Task to complete: Only one stretch of lines is wanted: the line with "Black shape of" through the final line of the material. Restate it word for word, minus pictures.

Task data:
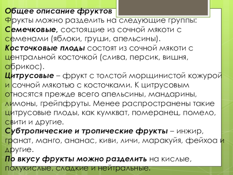 По вкусу фрукты можно разделить на кислые, полукислые, сладкие и нейтральные.
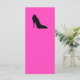Black shape of a single high-heeled shoe against pretty bright pink background.
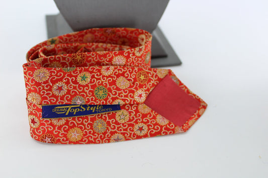 TopStyle Silk Damask Necktie Skinny Red Starburst 50" X 2 1/4"
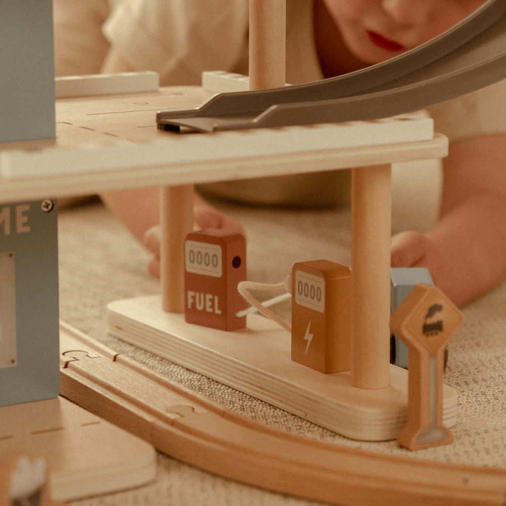 ¡Aparca, recarga combustible y corre hacia nuevas aventuras! El garaje de madera de Little Dutch es el complemento perfecto para el Set de Tren XL, aunque también puede disfrutarse como un juguete independiente lleno de acción, imaginación y aprendizaje.
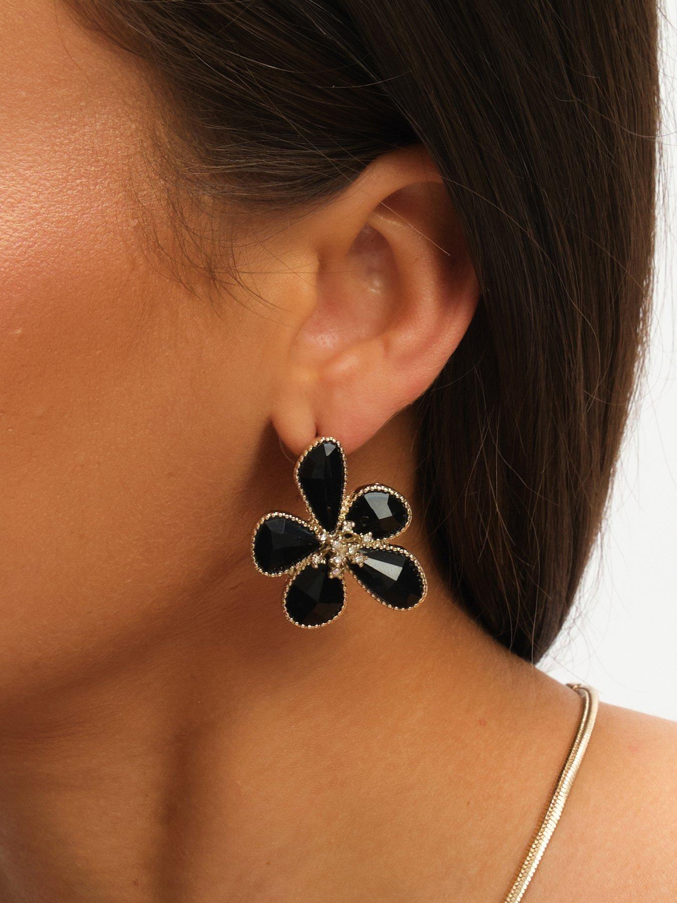 Mood Gold Jet Glass Facet Flower Stud EarringsOur Mood Gold Jet Glass Flower Stud Earrings are made to turn heads. Featuring sculpted florals in a rich jet hue, these studs bring a bold touch to any look. Eye catching and full of personality, perfect for day-to-night styling. Wear them solo to let them shine or pair with other MOOD pieces for a curated statement.

Expected answer:
Black shape of a single high-heeled shoe against pretty bright pink background.
 TopStyle Silk Damask Necktie Skinny Red Starburst 50" X 2 1/4"
 ¡Aparca, recarga combustible y corre hacia nuevas aventuras! El garaje de madera de Little Dutch es el complemento perfecto para el Set de Tren XL, aunque también puede disfrutarse como un juguete independiente lleno de acción, imaginación y aprendizaje.
 Mood Gold Jet Glass Facet Flower Stud EarringsOur Mood Gold Jet Glass Flower Stud Earrings are made to turn heads. Featuring sculpted florals in a rich jet hue, these studs bring a bold touch to any look. Eye catching and full of personality, perfect for day-to-night styling. Wear them solo to let them shine or pair with other MOOD pieces for a curated statement.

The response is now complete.